Rozdział 111

104 13 3
                                    

Droga Heleno,

Myślę, że możesz mi trochę nie wierzyć, że jesteś mi droga, ale jeśli możesz mi jeszcze zaufać, to z pewnością w tym, że pomimo każdego wydarzenia, które miało miejsce w Atenach, wciąż jesteś mi droga i bliska mojej duszy. 

Nie to prawdopodobnie jednak chciałabyś czytać, po tym co się stało i wcale by mnie nie zdziwiło, gdybyś w tym momencie listu, po prostu go zgniotła i wyrzuciła bez dalszego czytania. Być może w ogóle nie masz ochoty się ze mną jeszcze jakkolwiek kontaktować - wysyłam ten list, ale jestem świadomy tego, że możesz go nawet nie otworzyć. Lub że przeczytasz, lecz uznasz to jedynie za moje kojenie własnego sumienia po tym, co miało miejsce, kiedy widzieliśmy się po raz ostatni. I być może tak trochę jest, sam nie wiem, ale może faktycznie chcę być po prostu lepszy w swoich własnych oczach i żyć z myślą, że zrobiłem jeszcze coś na koniec, choć wcale Ci to nie było potrzebne.

Wierzę jednak, że tym na co zasłużyłaś i tym na co możesz czekać jest proste, krótkie i mimo to trudne do wypowiedzenia w wielu sytuacjach słowo: Przepraszam.

Przepraszam za to, że zachowałem się jak kompletny palant wobec Ciebie, chociaż jesteś najwspanialszą osobą, jaką kiedykolwiek spotkałem.

Przepraszam za to, że nie potrafiłem poradzić sobie z tą miłością, którą chciałaś mi dać i że nie byłem w stanie jej udźwignąć.

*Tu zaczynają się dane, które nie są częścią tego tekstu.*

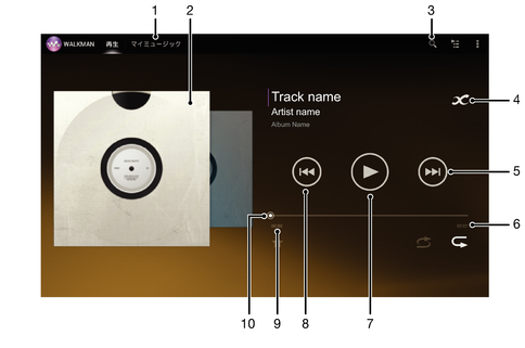 | 10 | 進捗インジケーター - インジケーターをドラッグするかラインに沿ってタップすると、早送りまたは巻き戻しを行います |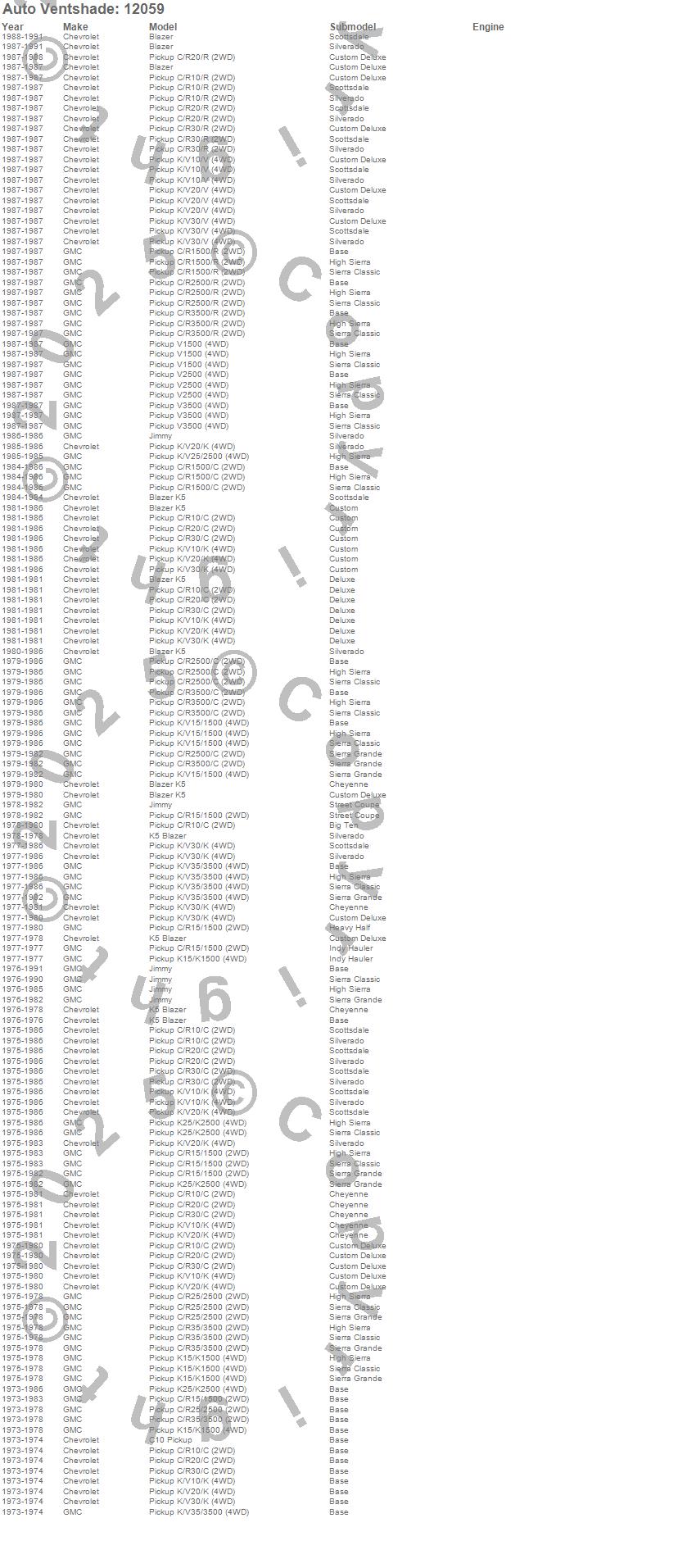 Blazer, Blazer K5, C10 Pickup, C1500 Pickup, C20 Pickup, C25/C2500 Pickup, C2500 Pickup, C30 Pickup, C35/C3500 Pickup, C3500 Pickup, Jimmy, K10 Pickup, K1500 Pickup, K20 Pickup, K25 Pickup, K25/K2500 Pickup, K2500 Pickup, K30 Pickup, K35 Pickup, K35/K3500 Pickup

Przepraszam za to, że chociaż obiecywałem sobie i Tobie, że nigdy Cię nie skrzywdzę i że nie będziesz przeze mnie więcej płakała, przyczyniłem się do tego, że było odwrotnie i zraniłem Cię (nie jestem dość pyszny, by twierdzić, że zraniłem Cię najbardziej na świecie, bo wiem przez co przeszłaś, niemniej sam fakt, że to zrobiłem...).

Przepraszam za to, że dałem Ci nadzieję, a potem Ci ją odebrałem, chociaż miałem świadomość, że złamię Ci serce.

Przepraszam za to, że jestem takim okropnym tchórzem i przed Tobą uciekłem.

Taka jest prawda o mnie, Heleno. Jestem tchórzem. Kiedy przyszło co do czego, wcale nie potrafiłem być takim, jakim mnie widziałaś przez większość naszej relacji. Nie potrafiłem być mądrym, czarującym facetem, którym chciałbym być w Twoich oczach. Stchórzyłem, uciekłem od Ciebie, bo tak było mi łatwiej, niż próbować mierzyć się z tym, co mogło na nas czekać we wspólnej przyszłości. A potem schowałem głowę w piach i starałem się przeczekać, aż wszystko wyblaknie i stanie się po prostu mało przyjemną przeszłością, a nie plamą wstydu, która sprawia mi codziennie ból. Jestem też więc strasznym egoistą.

Wiem, że powinienem był Ci wcześniej powiedzieć, porozmawiać z Tobą. Albo w ogóle nie dawać Ci nadziei, skoro nie byłem pewien samego siebie. Wiem, że gdybym porozmawiał z Tobą o wszystkim, pewnie bym nie uciekł. Ale bałem się zrobić nawet tego. Wypowiedzieć na głos wszystkie czarne myśli, które mnie nachodziły, swoje obawy i niepokoje. Chciałbym się łudzić, że to dlatego, że nie chciałem, żebyś widziała mnie innym od tego Namjoona, którym chciałem dla ciebie być, jednak wiem, że to kolejny objaw mojego tchórzostwa. W jego efekcie stałem się kimś całkowicie innym niż ta osoba, którą pragnąłem dla Ciebie być. 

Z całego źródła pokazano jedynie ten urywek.